We had no immediate use for the silicon fabrication plant where memories were made and had to shut it down - Andy Grove - Only the Paranoid Survive
Boswell has one of the most unusual jobs in the technology industry: as the head of the digital media and entertainment unit at AMD, he spends a lot of time schmoozing the stars. Or, as he puts it, "turning over rocks, looking for opportunities." Those rocks include the Grand Ole Opry, film director Robert Rodriguez, and Star Wars Episode III - Revenge of the Sith. His qualifications are also a bit unusual: he's a music school dropout turned computer engineer with eight patents to his name.
In 2000, he had the chance to work on an independent film in Austin, Texas, where he and AMD are based, and the film appeared in local cinemas and got Boswell some media attention.

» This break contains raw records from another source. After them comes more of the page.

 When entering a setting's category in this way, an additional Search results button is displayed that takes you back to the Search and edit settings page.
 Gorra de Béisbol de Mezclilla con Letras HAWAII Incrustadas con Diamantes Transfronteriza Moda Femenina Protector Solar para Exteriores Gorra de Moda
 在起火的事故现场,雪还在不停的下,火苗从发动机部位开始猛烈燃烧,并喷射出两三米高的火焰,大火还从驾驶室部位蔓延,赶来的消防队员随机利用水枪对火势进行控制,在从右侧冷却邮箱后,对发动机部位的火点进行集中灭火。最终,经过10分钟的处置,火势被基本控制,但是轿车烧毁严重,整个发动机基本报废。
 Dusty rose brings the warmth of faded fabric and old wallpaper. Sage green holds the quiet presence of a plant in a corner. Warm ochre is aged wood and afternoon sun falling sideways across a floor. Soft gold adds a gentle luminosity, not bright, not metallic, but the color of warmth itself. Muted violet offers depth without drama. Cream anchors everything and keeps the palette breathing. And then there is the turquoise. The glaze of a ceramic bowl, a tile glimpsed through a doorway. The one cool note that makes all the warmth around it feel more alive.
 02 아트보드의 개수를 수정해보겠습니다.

When then chief operating officer Hector Ruiz, now CEO, saw Boswell's interview on Good Morning, America, he became Boswell's mentor and sponsor. AMD's culture, says Boswell, made it possible to "mix passion with their products."

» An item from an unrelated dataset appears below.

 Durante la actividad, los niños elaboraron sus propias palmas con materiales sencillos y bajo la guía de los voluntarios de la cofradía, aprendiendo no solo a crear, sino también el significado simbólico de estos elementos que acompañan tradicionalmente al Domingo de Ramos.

There are two kinds of limitations Boswell talks about. One is simple stability. "The Grand Ole Opry has one of the most sophisticated TV/radio production facilities in the world," he says. "And they were using our competitor's technology, and on average every 45 minutes it would crash. They built their entire facility around rebooting every 45 minutes. They contacted us, put the dual Opteron in, and ran for 18 hours and only shut it off because it filled the disk drives." Note that he does not blame Windows, which he describes as "an incredible operating system." (It's a possibly amusing quirk that Boswell never speaks the name of "our competitor". Is Intel, like Voldemort, too evil to name?)
But the other, more significant limitation is a trend he sees these days that humans are becoming so adapted to the limitations of their technology that they let it constrain what they can do, say, and even think about.
"You look at current trends," he says. "People are using words to perform sentences and exchanging thoughts, but the way the trend is in some companies, they want to use prewritten music, or communicate in prewritten paragraphs. It's lowering the human aesthetic."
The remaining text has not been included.